What is needed:
Write out, without any change, the lines in the material below that run from the line with "강병삼 제주시장은 13일" through the line with "빵은 약간 베이글같은 느낌이고, 안에 치즈랑 버섯이랑 양파랑", both included.

Source material:
==============================
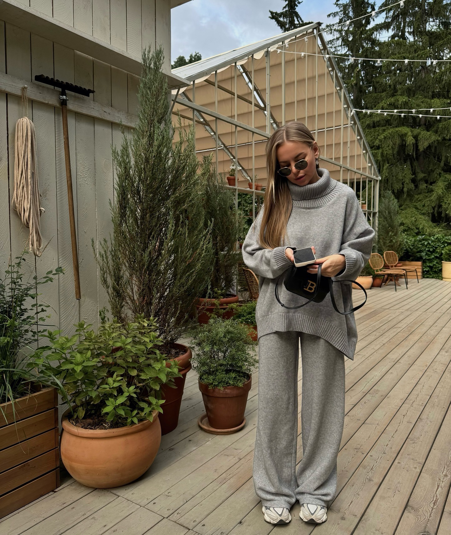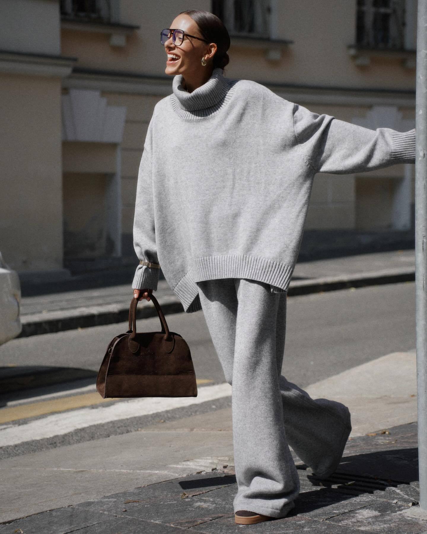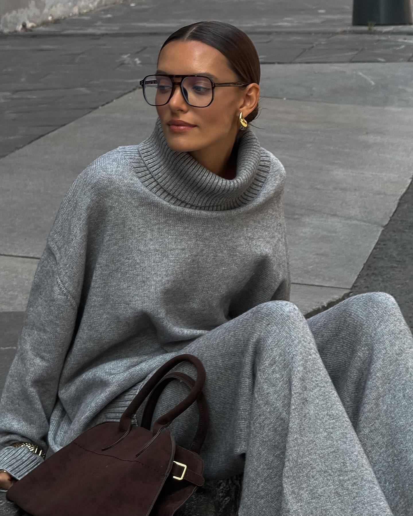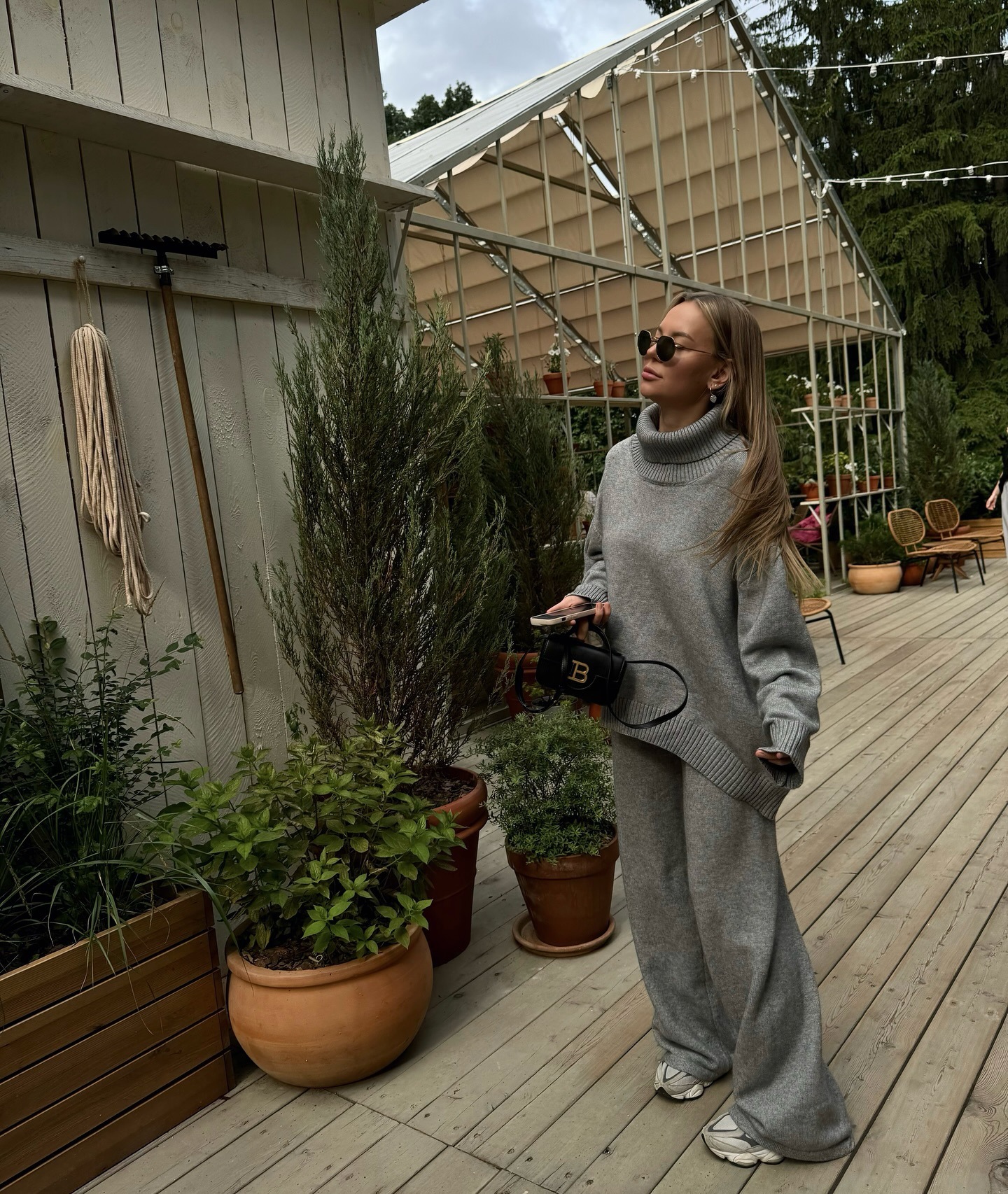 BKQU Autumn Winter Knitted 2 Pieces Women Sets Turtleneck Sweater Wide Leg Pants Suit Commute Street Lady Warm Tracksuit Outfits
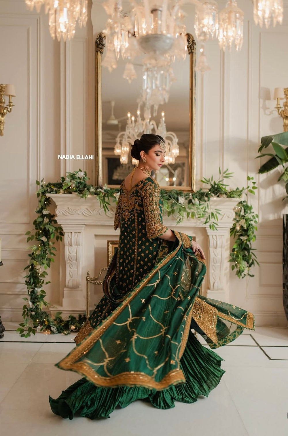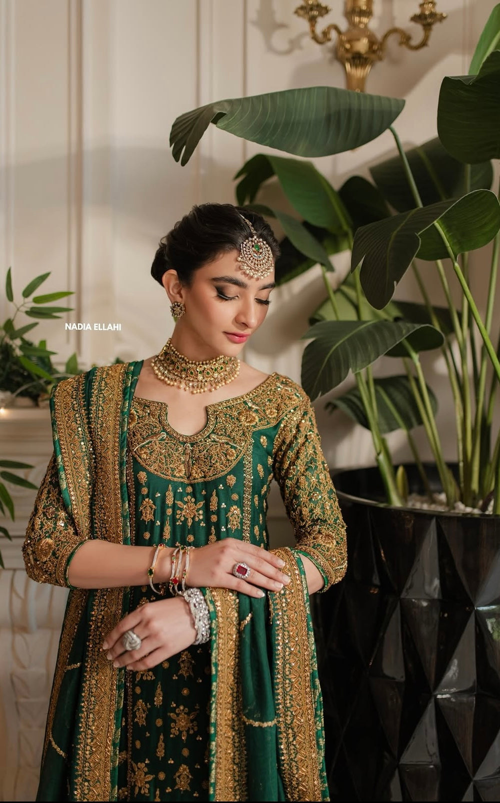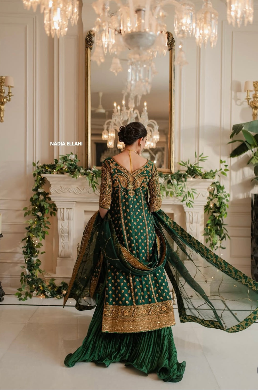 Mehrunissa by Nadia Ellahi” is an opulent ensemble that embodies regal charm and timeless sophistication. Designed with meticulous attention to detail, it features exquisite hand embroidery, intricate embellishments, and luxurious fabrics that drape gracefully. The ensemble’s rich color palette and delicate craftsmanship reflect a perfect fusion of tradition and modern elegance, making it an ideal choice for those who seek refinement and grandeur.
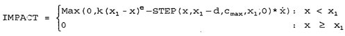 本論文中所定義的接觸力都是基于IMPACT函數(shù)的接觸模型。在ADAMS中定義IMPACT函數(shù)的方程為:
==============================
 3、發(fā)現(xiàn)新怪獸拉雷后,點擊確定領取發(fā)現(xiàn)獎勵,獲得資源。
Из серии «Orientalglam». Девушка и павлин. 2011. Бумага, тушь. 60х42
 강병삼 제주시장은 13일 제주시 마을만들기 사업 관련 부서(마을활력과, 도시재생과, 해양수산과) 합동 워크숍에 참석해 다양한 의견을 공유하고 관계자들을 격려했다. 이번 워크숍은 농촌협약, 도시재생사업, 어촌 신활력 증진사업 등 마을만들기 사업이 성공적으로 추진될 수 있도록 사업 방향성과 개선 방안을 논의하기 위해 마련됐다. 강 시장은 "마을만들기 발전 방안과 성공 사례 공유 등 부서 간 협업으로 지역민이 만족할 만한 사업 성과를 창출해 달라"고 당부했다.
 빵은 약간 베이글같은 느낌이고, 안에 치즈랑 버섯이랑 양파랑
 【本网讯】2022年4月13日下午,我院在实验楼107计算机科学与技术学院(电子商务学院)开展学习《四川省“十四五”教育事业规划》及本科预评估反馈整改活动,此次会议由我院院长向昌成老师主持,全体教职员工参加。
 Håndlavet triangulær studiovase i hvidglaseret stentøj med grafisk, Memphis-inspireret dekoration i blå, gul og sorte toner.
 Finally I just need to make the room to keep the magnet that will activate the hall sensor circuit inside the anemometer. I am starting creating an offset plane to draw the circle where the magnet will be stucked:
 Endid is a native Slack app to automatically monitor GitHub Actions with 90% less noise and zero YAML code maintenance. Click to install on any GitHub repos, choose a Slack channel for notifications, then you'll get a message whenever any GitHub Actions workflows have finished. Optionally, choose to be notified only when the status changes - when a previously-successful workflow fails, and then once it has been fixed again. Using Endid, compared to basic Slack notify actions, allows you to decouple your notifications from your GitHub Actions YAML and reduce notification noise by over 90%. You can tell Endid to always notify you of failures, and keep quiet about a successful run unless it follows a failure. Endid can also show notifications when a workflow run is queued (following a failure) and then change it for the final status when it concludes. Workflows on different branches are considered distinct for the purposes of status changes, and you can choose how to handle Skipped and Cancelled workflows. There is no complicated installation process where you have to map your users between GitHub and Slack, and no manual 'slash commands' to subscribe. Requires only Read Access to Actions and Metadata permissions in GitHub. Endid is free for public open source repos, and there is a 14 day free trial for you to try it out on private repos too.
==============================
Task response:
 강병삼 제주시장은 13일 제주시 마을만들기 사업 관련 부서(마을활력과, 도시재생과, 해양수산과) 합동 워크숍에 참석해 다양한 의견을 공유하고 관계자들을 격려했다. 이번 워크숍은 농촌협약, 도시재생사업, 어촌 신활력 증진사업 등 마을만들기 사업이 성공적으로 추진될 수 있도록 사업 방향성과 개선 방안을 논의하기 위해 마련됐다. 강 시장은 "마을만들기 발전 방안과 성공 사례 공유 등 부서 간 협업으로 지역민이 만족할 만한 사업 성과를 창출해 달라"고 당부했다.
 빵은 약간 베이글같은 느낌이고, 안에 치즈랑 버섯이랑 양파랑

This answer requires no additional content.